There is a reason Toulmin's model is about the structure, not the content, of arguments: what counts as good reasons differ from field to field. It makes sense to talk about a research field as a discourse community: people talking to each other, in some sort of agreement about what constitutes evidence and good arguments. I do not want to get into whether discourse communities are successfully developing objective standards to evaluate evidence (I am sure it differs from community to community). My real point is that theory formation is at the heart of a research field. All arguments, evidence, and reasoning needs to be understood in terms of the eventual goal of building a theory. My own personal experience was trying to publish an article based on my thesis, which was about how California newspapers reported the new exit exam requirement for high schoolers. One rejection was very clear: the article did not advance theory, which was true. While the article certainly did reference mass communication theories to explain and interpret the reportage, it did not refine, clarify, or refute those theories, so it was not publication worthy.

I had all these thoughts jostling in my head when I was talking to my debater. It occurred to me that argumentation in debate is really about theory formation. In other words, arguing successfully is not about presenting sufficient evidence to back up your claims (otherwise, defensive arguments would win way more often that they do); arguing successfully is about presenting a coherent theory.
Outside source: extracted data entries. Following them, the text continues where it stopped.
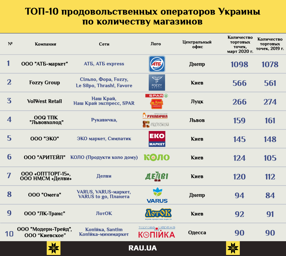 Дослідницька компанія GT Partners Ukraine представила своє чергове дослідження «Топ-160 продуктових операторів України за кількістю магазинів, I квартал 2020-го». Також в звіті експерти проаналізували: хто з рітейлерів і де відкриває нові торгові точки, які формати магазинів найбільш популярні, на що робить ставку той чи інший гравець національного чи регіонального масштабу.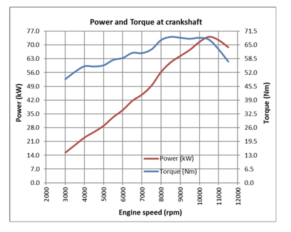 | Claimed horsepower | 100.0 horsepower @ 10,500 rpm |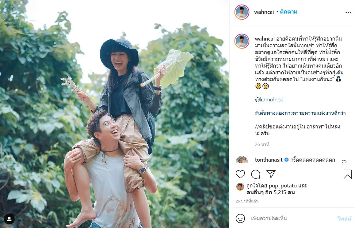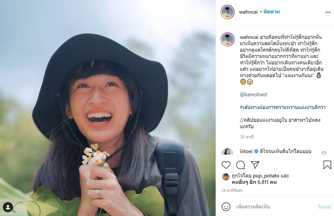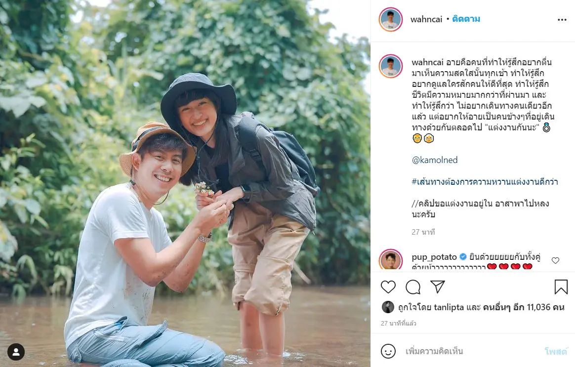 ว่านไฉ คุกเข่าขอ อาย กมลเนตร ขอแต่งงานแล้ว พร้อมเผยความในใจสุดซึ้ง ผ่านแคปชั่นตัวหนังสือ เส้นทางต้องการความหวานแต่งงานดีกว่า
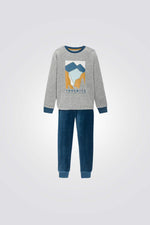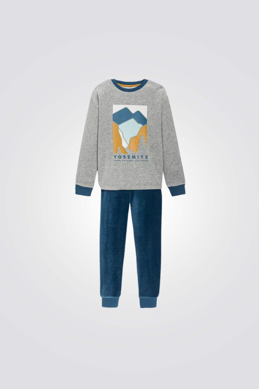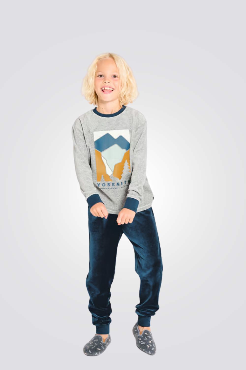 סט פיג'מת קטיפה לילדים בצבע אפור וכחול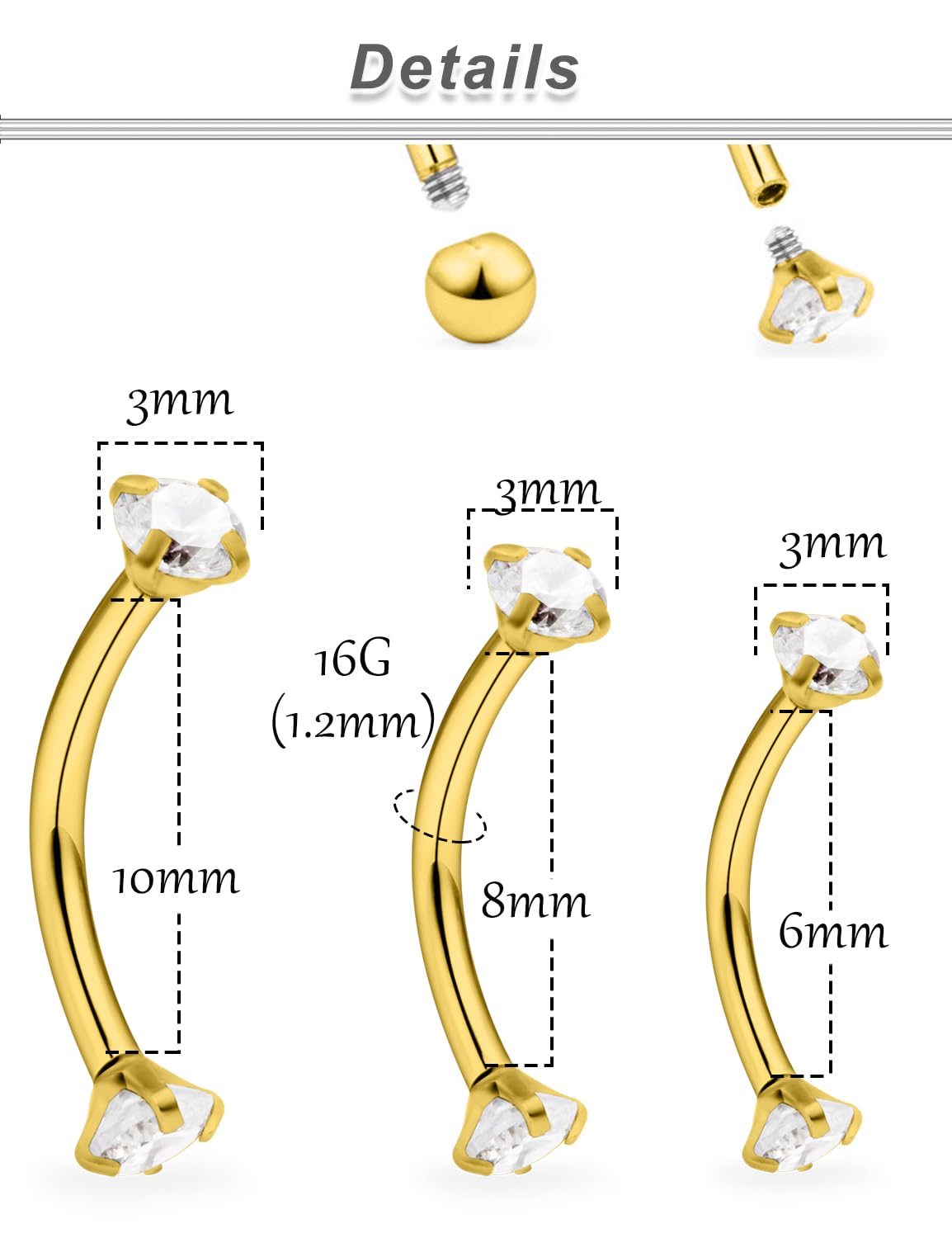 Gold Rook Piercing Jewelry Size Specification: 16G=1.2mm, Bar Length are 1/4"(6mm),5/16"(8mm) and 3/8"(10mm),Balls Size are 3mm .

Disadvantages are not done in by inconvenient brink problems here or there, so long as they seem to present a credible story. I would say, no one has lost a disadvantage because he did not prove the (highly improbable, totally speculative) internal link; he has lost it because it did not have a plausible, causal story. If the judge says, "A leads to B how?," the debater has lost. If the judge says, "A causing B seems pretty unlikely, but there's a risk...," the debater has most likely won. My point is that debate is not about analytical, deductive reasoning; debate is about synthetic, theory-building reasoning.